## Directions
Your task is to copy the data exactly while leaving out every picture.

## Data shown
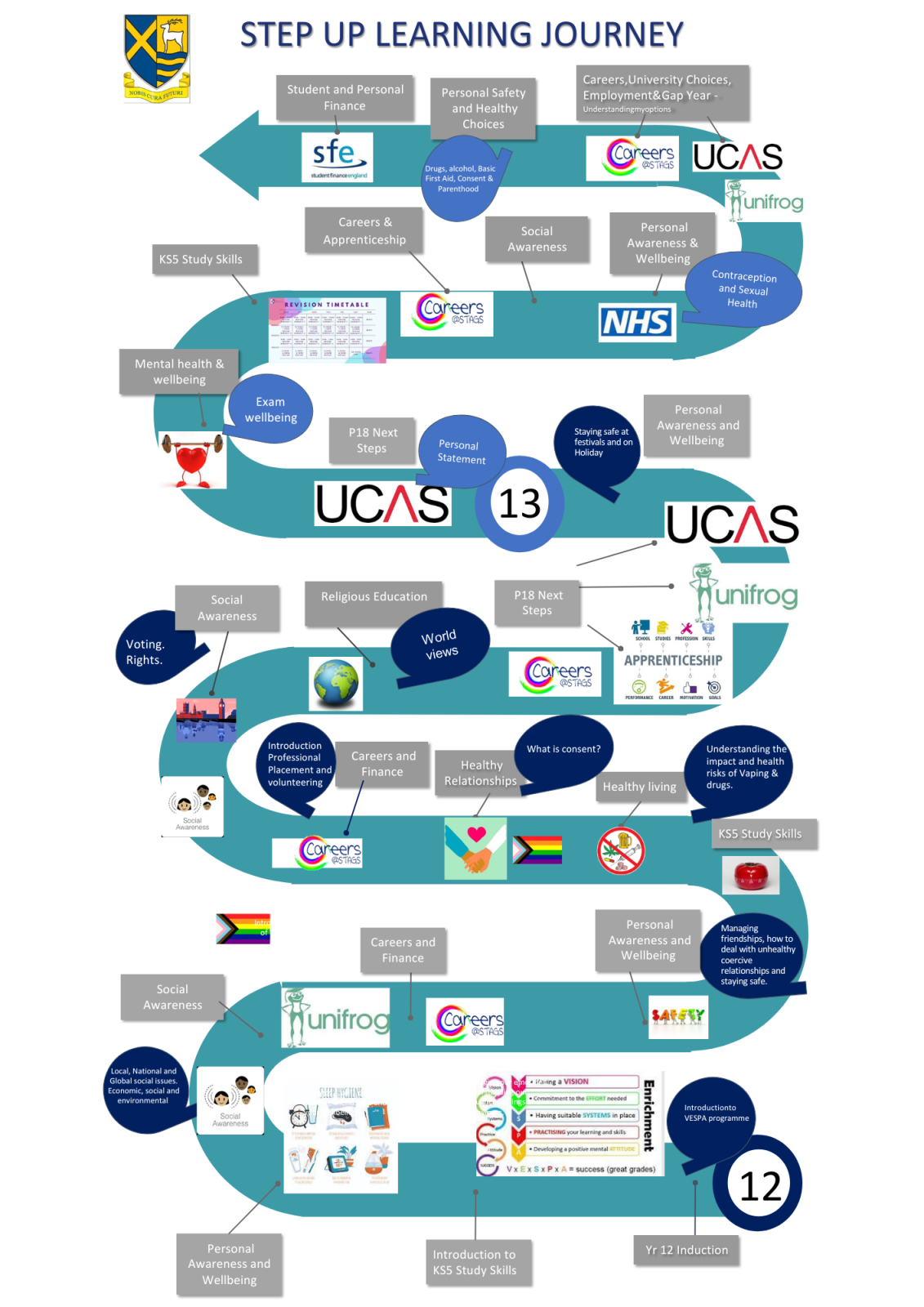 Step Up curriculum is a bespoke programme that provides students with an opportunity to study personal development and develop key life skills to equip young people in 21st Century Britain. Sessions are timetabled to take place for 1 hour each week and each week will cover a topic from one the following themes.
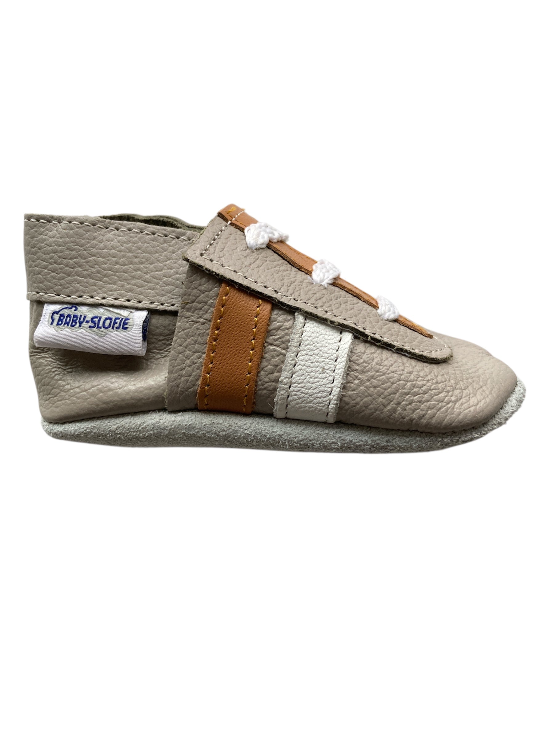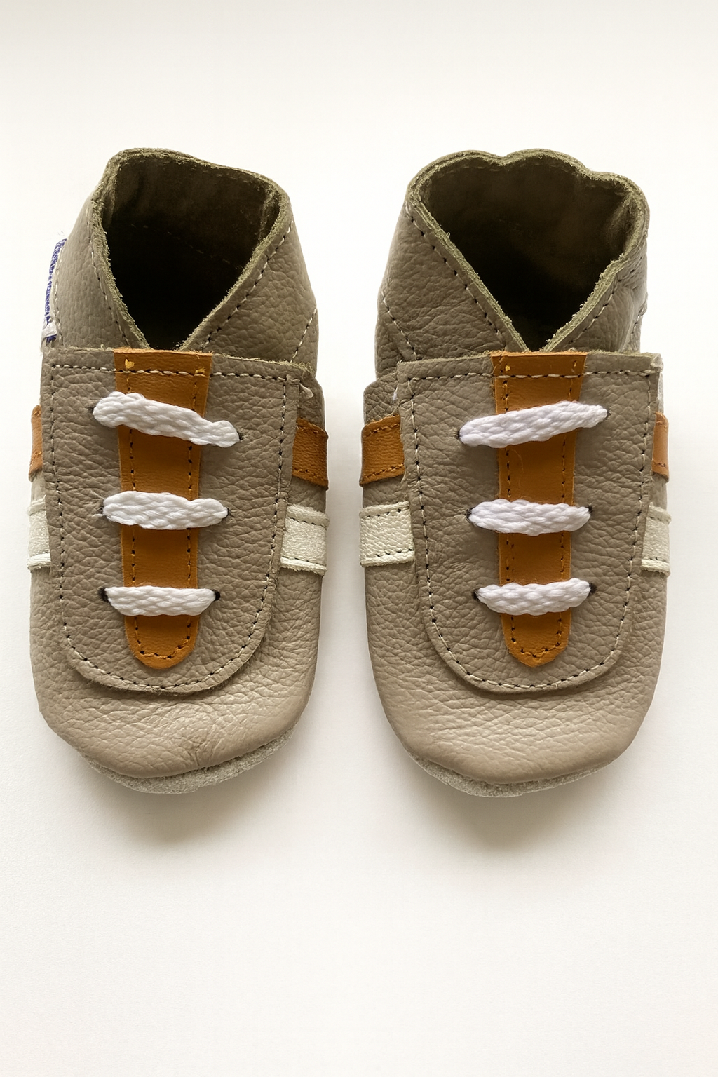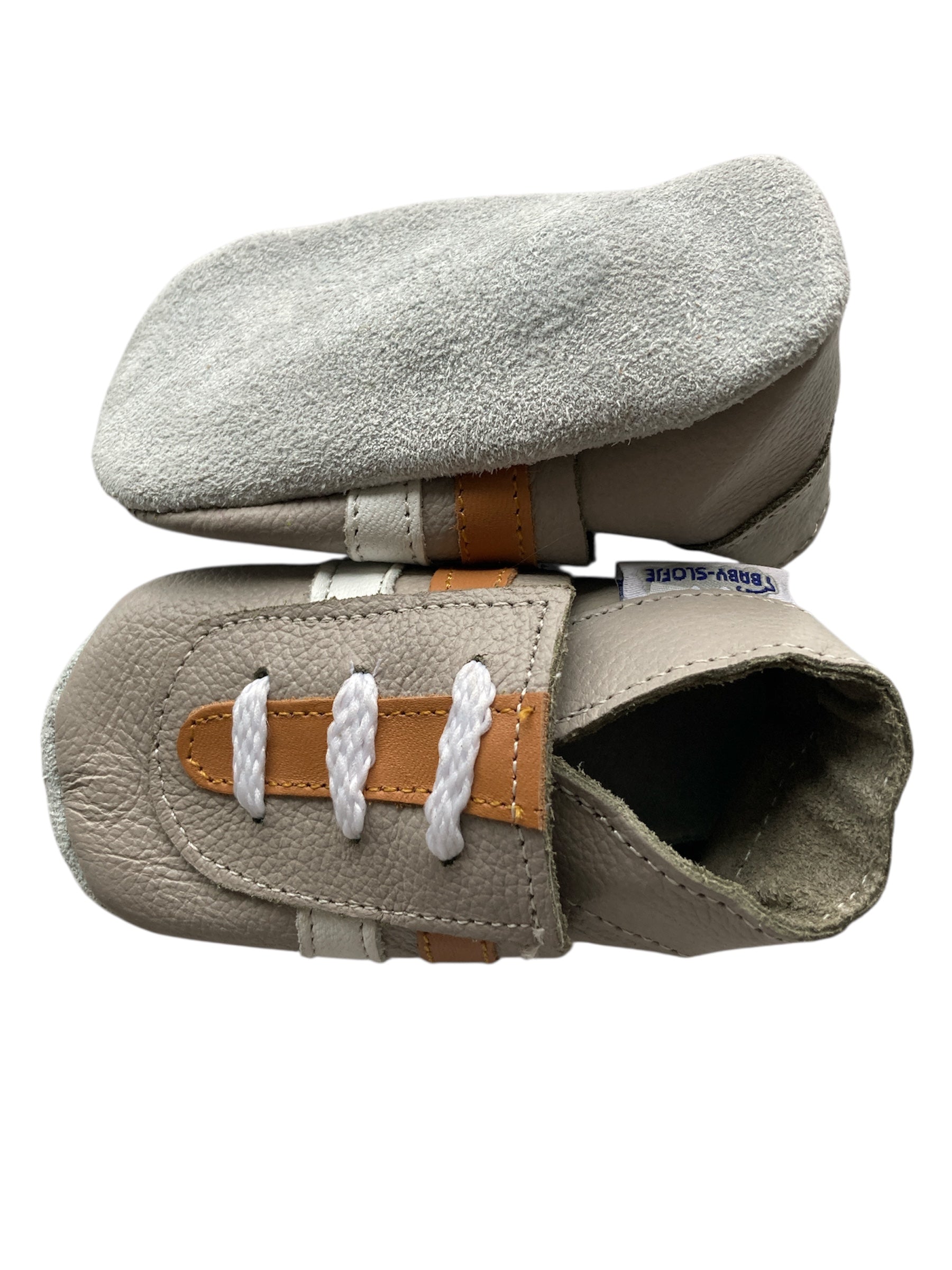 Sportieve grijs leren babyslofjes van Baby-Slofje
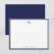 Create your own custom note cards with personalized monogram initials in an elegant modern typography alongside blue and white border design.

## Your response
 Step Up curriculum is a bespoke programme that provides students with an opportunity to study personal development and develop key life skills to equip young people in 21st Century Britain. Sessions are timetabled to take place for 1 hour each week and each week will cover a topic from one the following themes.
 Sportieve grijs leren babyslofjes van Baby-Slofje
 Create your own custom note cards with personalized monogram initials in an elegant modern typography alongside blue and white border design.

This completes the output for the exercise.